■ MATERIAL FOR THE TASK:
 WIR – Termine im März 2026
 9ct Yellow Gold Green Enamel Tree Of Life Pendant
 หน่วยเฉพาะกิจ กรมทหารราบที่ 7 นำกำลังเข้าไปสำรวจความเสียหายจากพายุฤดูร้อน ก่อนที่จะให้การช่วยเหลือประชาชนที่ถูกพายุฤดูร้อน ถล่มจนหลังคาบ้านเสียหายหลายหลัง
--
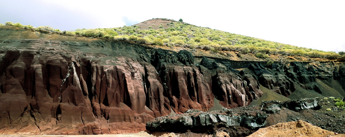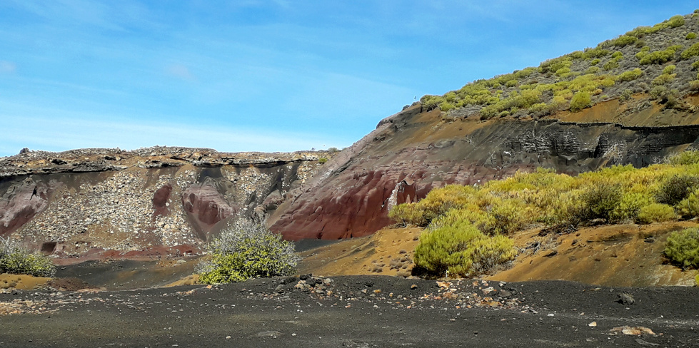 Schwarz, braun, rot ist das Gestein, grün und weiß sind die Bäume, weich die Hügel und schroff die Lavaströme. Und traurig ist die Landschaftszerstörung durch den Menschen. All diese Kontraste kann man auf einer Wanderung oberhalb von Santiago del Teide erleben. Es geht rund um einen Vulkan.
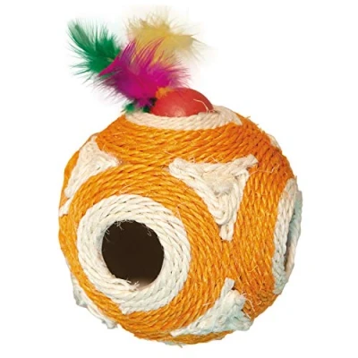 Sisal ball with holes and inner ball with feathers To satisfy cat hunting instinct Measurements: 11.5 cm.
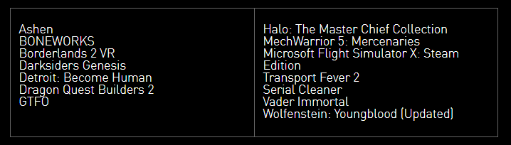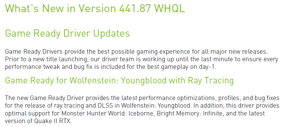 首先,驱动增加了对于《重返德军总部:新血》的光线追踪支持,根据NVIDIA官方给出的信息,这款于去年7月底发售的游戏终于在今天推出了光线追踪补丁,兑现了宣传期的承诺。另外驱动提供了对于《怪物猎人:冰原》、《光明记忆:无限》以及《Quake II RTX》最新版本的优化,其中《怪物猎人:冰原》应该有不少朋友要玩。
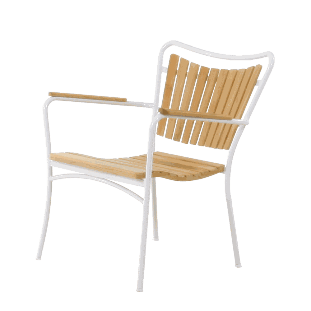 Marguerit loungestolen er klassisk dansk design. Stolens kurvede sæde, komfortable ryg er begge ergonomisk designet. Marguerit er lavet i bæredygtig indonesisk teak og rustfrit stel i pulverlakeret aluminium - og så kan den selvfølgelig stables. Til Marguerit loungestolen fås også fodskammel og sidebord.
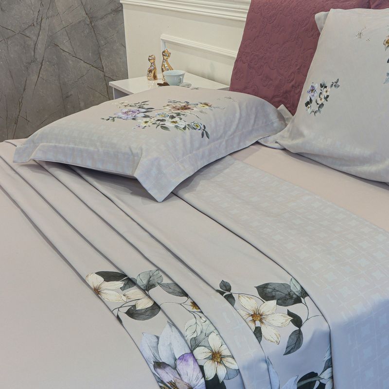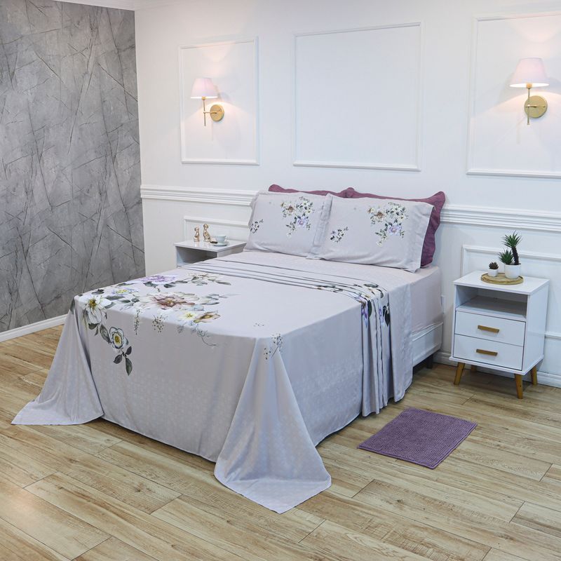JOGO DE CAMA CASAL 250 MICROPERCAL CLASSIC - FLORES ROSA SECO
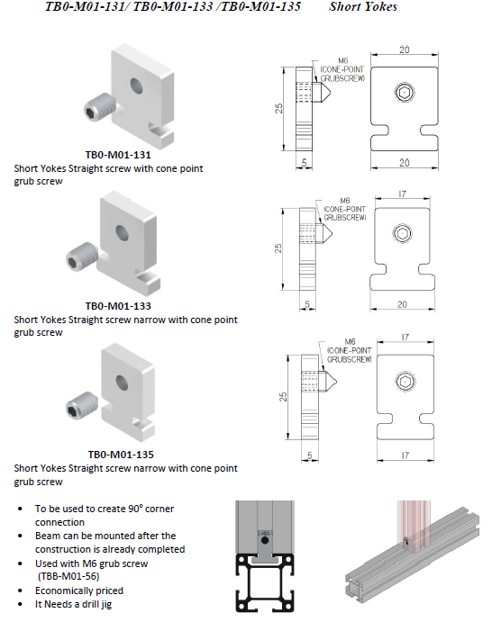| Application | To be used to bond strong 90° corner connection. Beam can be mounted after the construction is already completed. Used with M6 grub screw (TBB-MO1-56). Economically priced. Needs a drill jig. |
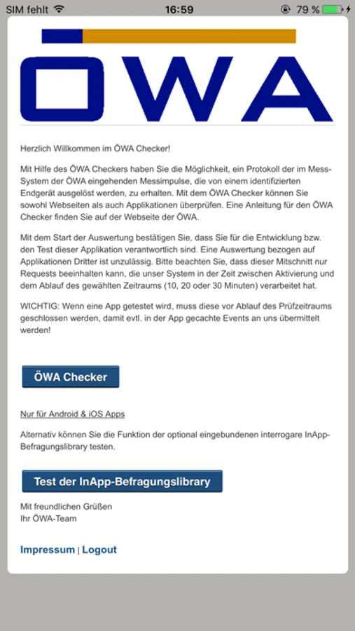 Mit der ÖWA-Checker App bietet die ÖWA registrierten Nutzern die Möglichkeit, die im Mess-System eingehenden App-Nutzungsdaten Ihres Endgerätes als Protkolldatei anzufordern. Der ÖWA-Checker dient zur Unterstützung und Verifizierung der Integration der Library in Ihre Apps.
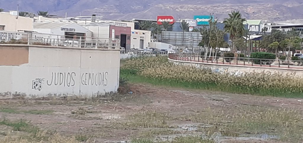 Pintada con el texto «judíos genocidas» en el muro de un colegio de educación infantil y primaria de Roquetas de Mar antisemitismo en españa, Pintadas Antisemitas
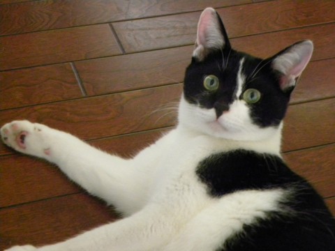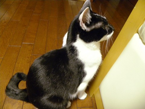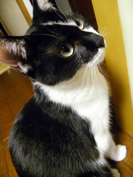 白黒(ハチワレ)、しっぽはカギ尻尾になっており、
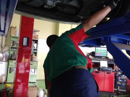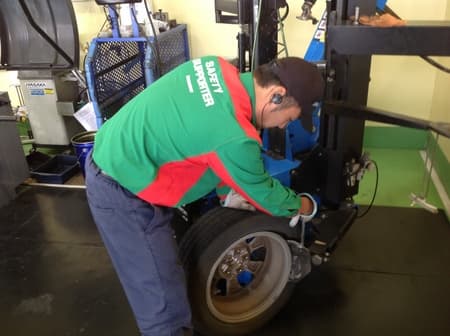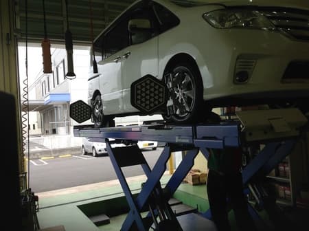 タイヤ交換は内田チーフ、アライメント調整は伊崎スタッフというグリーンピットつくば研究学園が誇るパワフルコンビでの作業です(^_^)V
--
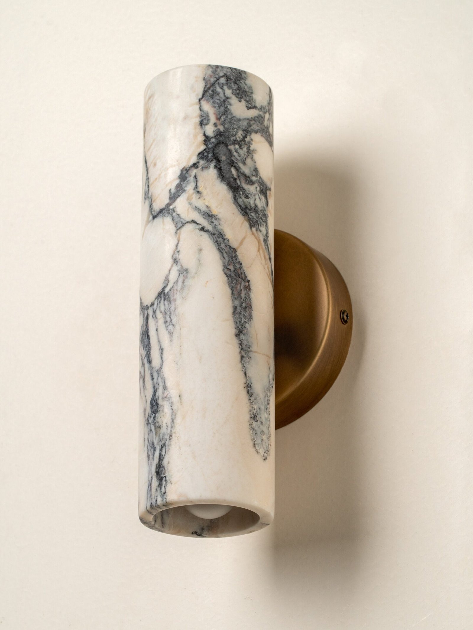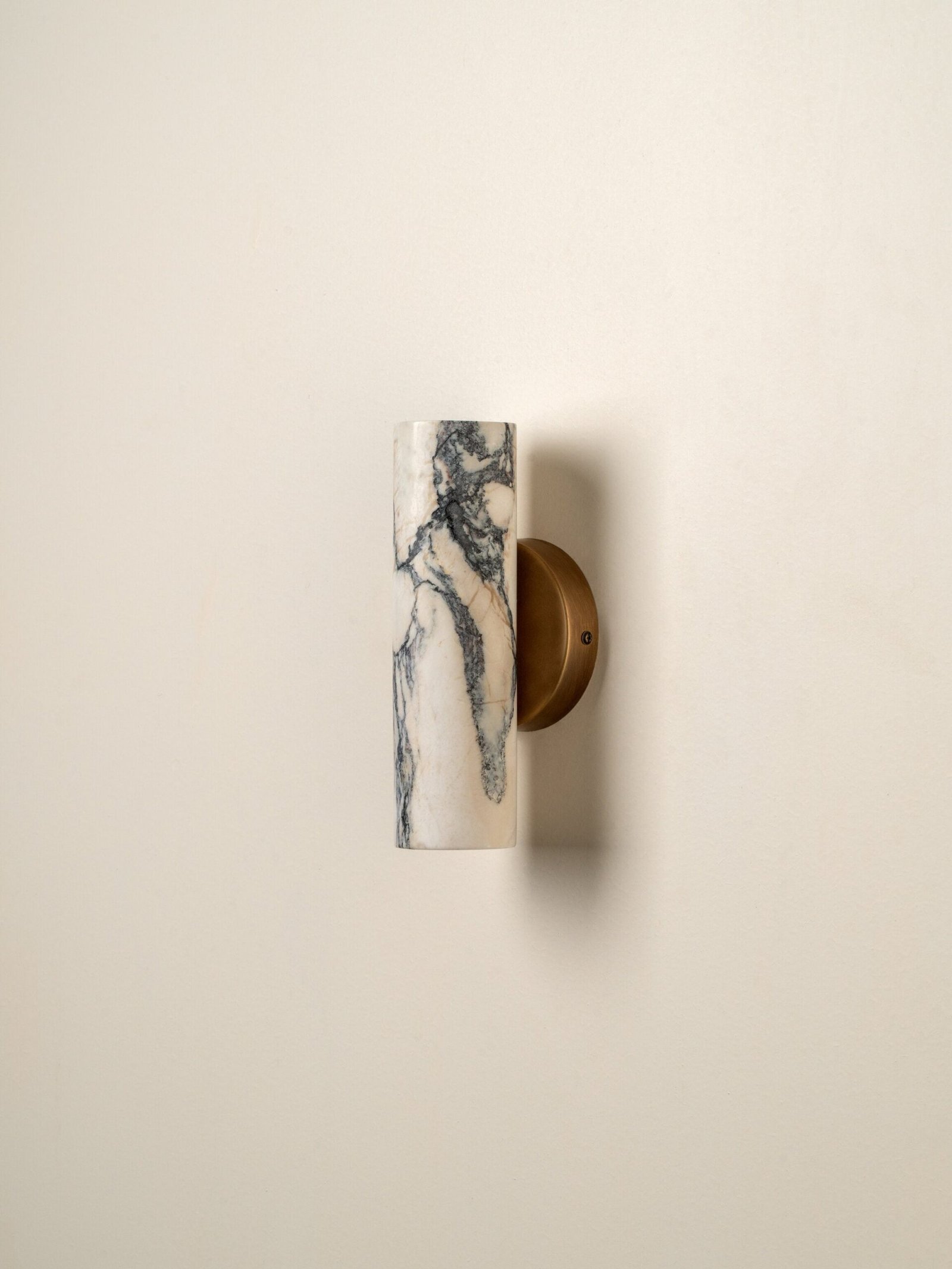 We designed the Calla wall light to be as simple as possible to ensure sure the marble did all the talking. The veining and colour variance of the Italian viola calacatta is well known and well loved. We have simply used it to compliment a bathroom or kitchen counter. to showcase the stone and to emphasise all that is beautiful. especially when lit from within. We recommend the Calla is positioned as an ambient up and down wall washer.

■ WORK INSTRUCTION:
From the listing above, repeat only the lines between the line containing "drill jig. |" and the line containing "タイヤ交換は内田チーフ、アラ", those two included. Pictures are not part of the copy.

■ ANSWER SPACE:
| Application | To be used to bond strong 90° corner connection. Beam can be mounted after the construction is already completed. Used with M6 grub screw (TBB-MO1-56). Economically priced. Needs a drill jig. |
 Mit der ÖWA-Checker App bietet die ÖWA registrierten Nutzern die Möglichkeit, die im Mess-System eingehenden App-Nutzungsdaten Ihres Endgerätes als Protkolldatei anzufordern. Der ÖWA-Checker dient zur Unterstützung und Verifizierung der Integration der Library in Ihre Apps.
 Pintada con el texto «judíos genocidas» en el muro de un colegio de educación infantil y primaria de Roquetas de Mar antisemitismo en españa, Pintadas Antisemitas
 白黒(ハチワレ)、しっぽはカギ尻尾になっており、
 タイヤ交換は内田チーフ、アライメント調整は伊崎スタッフというグリーンピットつくば研究学園が誇るパワフルコンビでの作業です(^_^)V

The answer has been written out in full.